New Fed Data Points to Economic Pain and Worrisome Ebbing in Inflation
31 March 2020 - 4:51AM
Dow Jones News
By Michael S. Derby
The first wave of data capturing the front end of the new
coronavirus crisis is dribbling in, and regional Federal Reserve
Banks are tallying up the ugly picture.
On Monday, the New York Fed launched a "Weekly Economic Index"
aimed at capturing where the economy is in near real time, and
extrapolated historical levels based on past data. In its first
outing, the index showed "developments in the past week saw the
index fall to a level unseen since 2008," during the heat of the
financial crisis.
The report's authors note that their index seeks to show what a
given quarter's activity would look like if it persisted for a
year. The index, which had been indicating economic growth on
either side of 3% since about 2017, plunged in nearly a straight
line and now reflects a contraction of about 3%.
A separate report from the San Francisco Fed warned uncertainty
generated by the crisis could wash away already modest inflation
impulses in the economy. This uncertainty may "lead to a persistent
increase in the unemployment rate of roughly 1 percentage point,
while simultaneously reducing the inflation rate by as much as 2
percentage points and bringing the interest rate close to its zero
lower bound."
The San Francisco Fed report warns its current findings "will
surely understate the overall impact of the current pandemic"
because new negative effects are still playing out, leading it to
say "the pandemic is likely to weigh on the economy persistently,
depressing economic activity and inflation well beyond the near
term."
The New York Fed index's authors said their new weekly index is
based on a mix of job, consumer-confidence, steel-production,
energy-use and electric-utility data.
"In normal times, familiar macroeconomic aggregates provide
accurate descriptions of economic conditions with a modest delay,"
the authors wrote. "But, in a tumultuous setting, when conditions
evolve rapidly from day to day and week to week, less familiar
sources of data can provide an informative signal of the state of
the economy."
There are plenty other public and privately produced real-time
growth trackers. The New York and Atlanta Feds make them, for
example, but their construction has yet to lead them to capture how
the coronavirus crisis and its virtual shutdown of the swaths of
the U.S. and global economy will hit growth.
The Atlanta Fed's closely watched GDPNow growth tracker is
pointing to a 2.7% gross-domestic-product gain in the first
quarter, but the bank says on its website to disregard that
estimate due to the coronavirus crisis. Meanwhile, IHS Markit's
first-quarter estimate indicates a 2.1% decline in first-quarter
GDP.
Most private-sector forecasters see a massive hit to growth.
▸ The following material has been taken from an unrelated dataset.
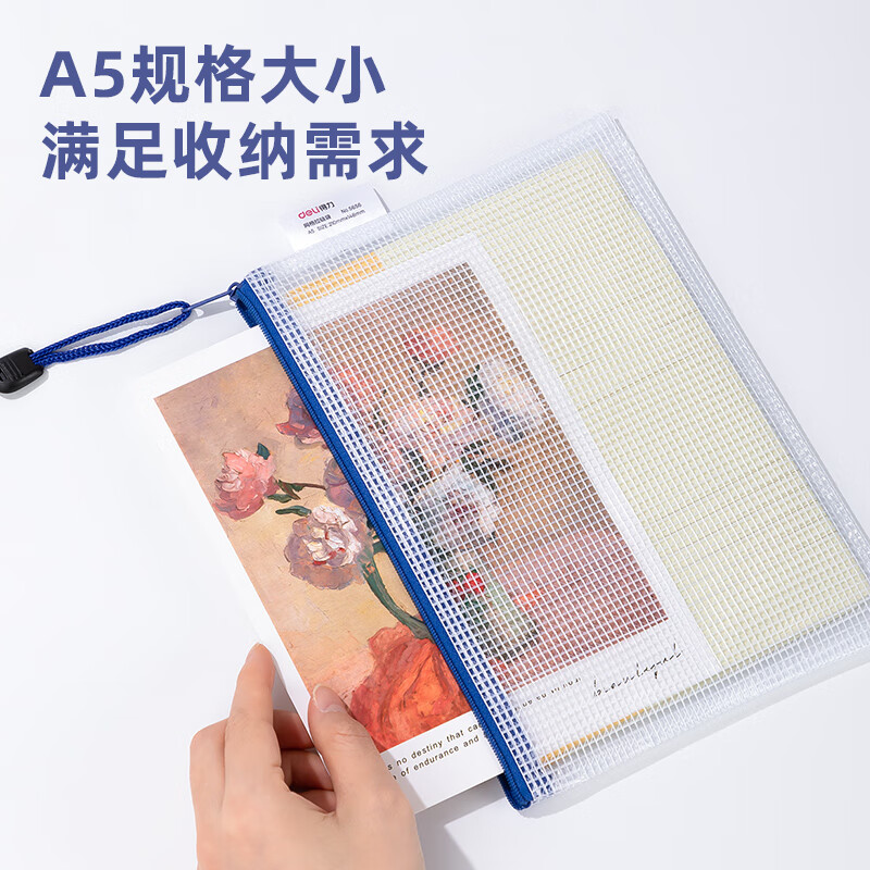 得力(deli)拉链式文件袋a5/a4网格拉链袋学习袋公文袋文件包透明资料袋试卷收纳袋考试袋文件夹专用 【A5-单个装】蓝色加厚款 5656
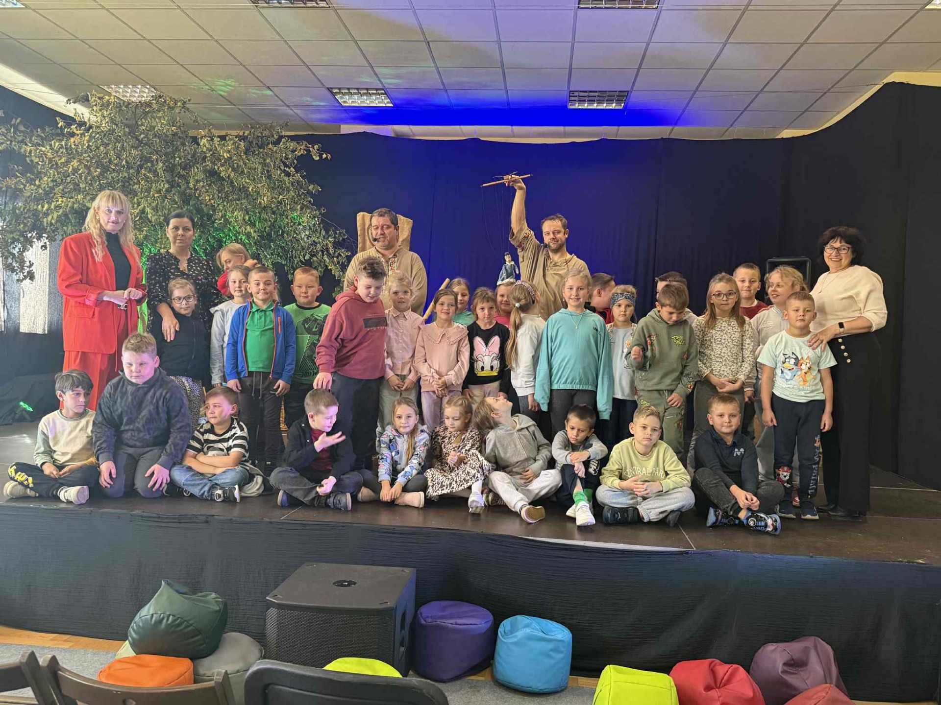 Klasy I-III na spektaklu ,,O smoku Znad Wisły” w ramach obchodów 75-lecia działalności Gminnej Biblioteki Publicznej w Szczawinie Kościelnym

While the Fed has no official forecasts and bypassed creating one
at the its most recent Federal Open Market Committee meeting citing
uncertainty and rapidly moving events, St. Louis Fed leader James
Bullard has suggested that half of production might need to be
shelved during the second quarter.
The Dallas Fed also reported ominous factory data for March for
manufacturers in its district.
The bank asked factory operators a series of special questions
about the crisis. Some 83.5% said the coronavirus situation had
increased uncertainty, 61.0% said it was affecting supply chains,
76.7% said it was hurting production and sales and 34.3% said it
was negatively influencing their worker head counts.
Firms also reported a modest deflationary bias to prices from
the trouble, although most see no change so far. Four hundred firms
were surveyed by the Dallas Fed in mid-March.